(PROBLEM TO WORK ON)
Would you output the lines from the one containing "12 cell – small maize seeds" through the final line of the entries, exactly and with pictures omitted?

(RECORDED INFORMATION)
-- Opening Marker --

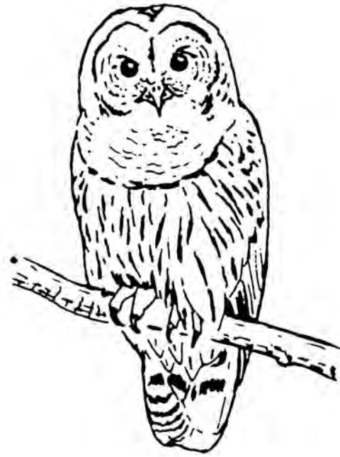
ku'ku'kwes (Barred owl)

Ms. Burnsbee rolled her eyes at the children and turned her back to write on the whiteboard. She was eager to get back to routine as half of the morning has been wasted on "foolishness." After all, it was her job to be strict, stern, and to get the job done! She felt sorry for the boy and really did want to make him feel welcome. Sqqqqqueeak! Her black leather shoes made a sound as she
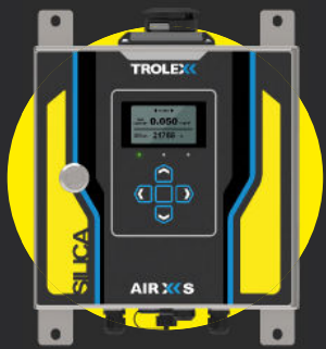
TX8100 AIR XS SILICA MONITOR

Timeco supply a variety of Trolex gas monitoring systems, including TX9165 Sentro 8 and TX6351-2 Sentro 1 Universal Gas Detector designed to perform in the most hazardous working environments, as well as the highly robust TX6383 Flammable Gas Detector . To protect workers from a range of hazardous dusts, Timeco supply ground-breaking Trolex particulate monitors, such as the AIR XD Group I IS Dust Monitor , designed to monitor all types of dust in ATEX atmospheres, and the AIR XS Silica Monitor , which detects levels of RCS in tunnelling environments.
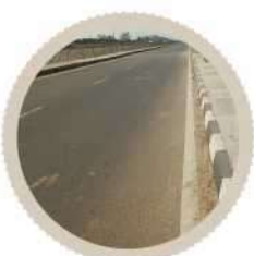
30 & 40 ft. Road
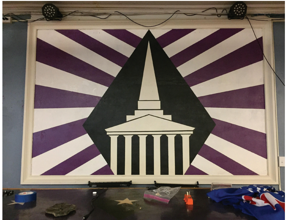
Brother Mays painted this mural to replace Rec Room Jesus.

After the trial run last semester, the cleaning system has been revamped to more efficiently clean the house. Daily tasks for garbage and recycling are scheduled more frequently to ensure proper disposal, while less impactful daily tasks have been removed. Floor managers are being reintroduced to better facilitate work party and ensure thoroughness. In true FIJI spirit, brothers continue to make small weekly house improvements during work party.
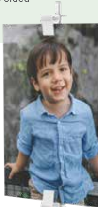
VCMCT1-S One sided clamp stand

Specify: Color* -S Satin Silver or -B Matte Black
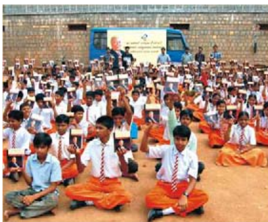
School students of Kotturuswamy High School
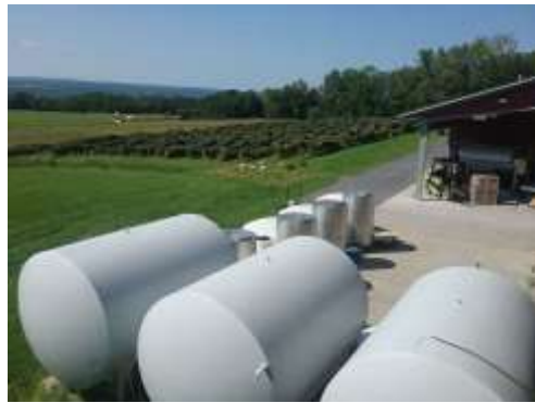
at Red Newt Cellars Winery

August 24 th was a beautiful day for a two-hundred-mile drive in the Finger Lakes. The impromptu drive that was put out on the MG Car Club email list the day before, would start at the meet-up spot, the
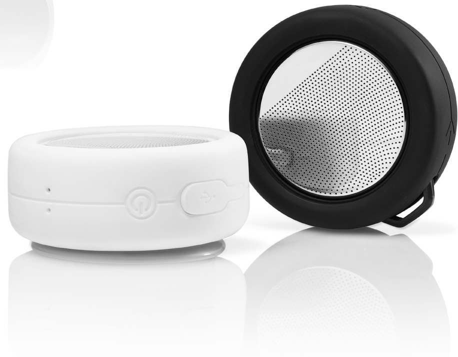
this page: wireless bluetooth speaker IN026 • wireless bluetooth speaker IN032 opposite page: wireless bluetooth speaker IN027
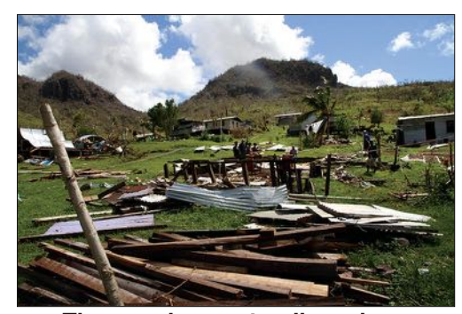
The people are standing where Simione Ravu's house once stood
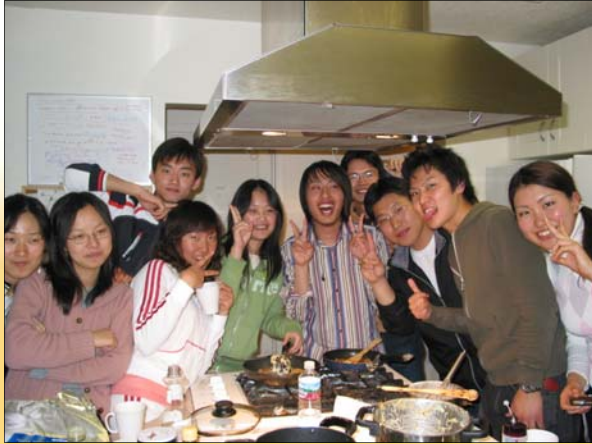
Our students enjoy cooking their countries' specialties for their friends at the Student Home.

179 Los Ranchitos Road, San Rafael, CA 94903
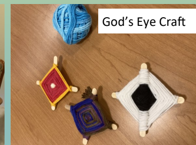
God's Eye Craft
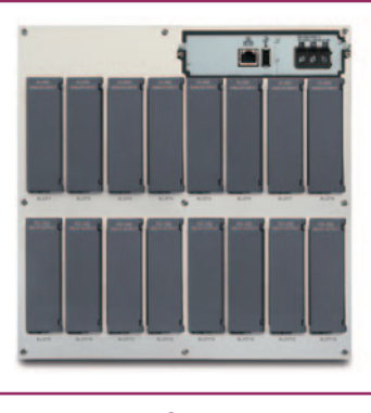
PPS-3000 16 slots, up to 48 Analog inputs
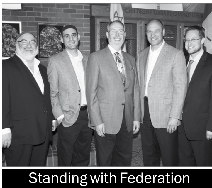
Standing with Federation
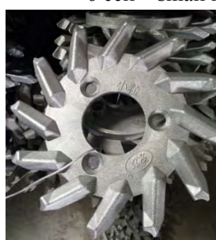
12 cell – small maize seeds
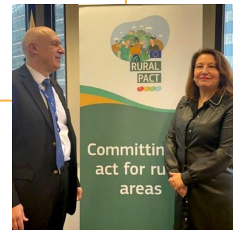
Commitment to the Rural Pact, Regional Government of Andalusia, 2024
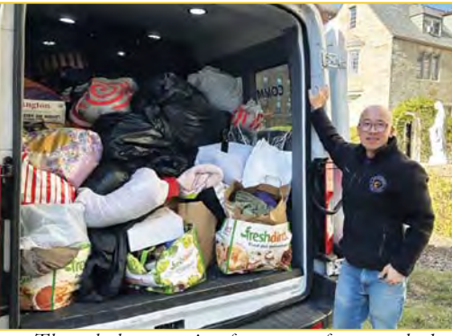
Through the generosity of so many of you, we had successful food, clothing & toy drives, supporting Catholic Charities and reaching those in need

Thank you for being part of our parish family and for all the ways that you contribute to making Our Lady Queen of Martyrs so special. God bless you.
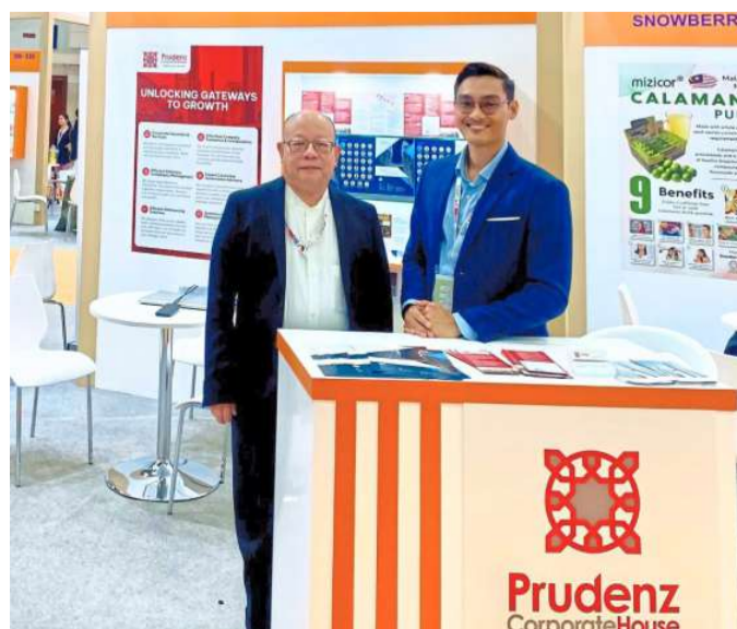
Prudenz Corporatehouse Sdn Bhd Nature of business: Corporate secretarial and business support services Prudenz CorporateHouse is a leading provider of corporate secretarial and outsourcing services, offering comprehensive business support solutions. The company is affiliated with Azmi & Associates, one of Malaysia's top 10 largest law firms.

-- Closing Marker --

(RESULT OF THE EXERCISE)
12 cell – small maize seeds
Commitment to the Rural Pact, Regional Government of Andalusia, 2024
Through the generosity of so many of you, we had successful food, clothing & toy drives, supporting Catholic Charities and reaching those in need

Thank you for being part of our parish family and for all the ways that you contribute to making Our Lady Queen of Martyrs so special. God bless you.
Prudenz Corporatehouse Sdn Bhd Nature of business: Corporate secretarial and business support services Prudenz CorporateHouse is a leading provider of corporate secretarial and outsourcing services, offering comprehensive business support solutions. The company is affiliated with Azmi & Associates, one of Malaysia's top 10 largest law firms.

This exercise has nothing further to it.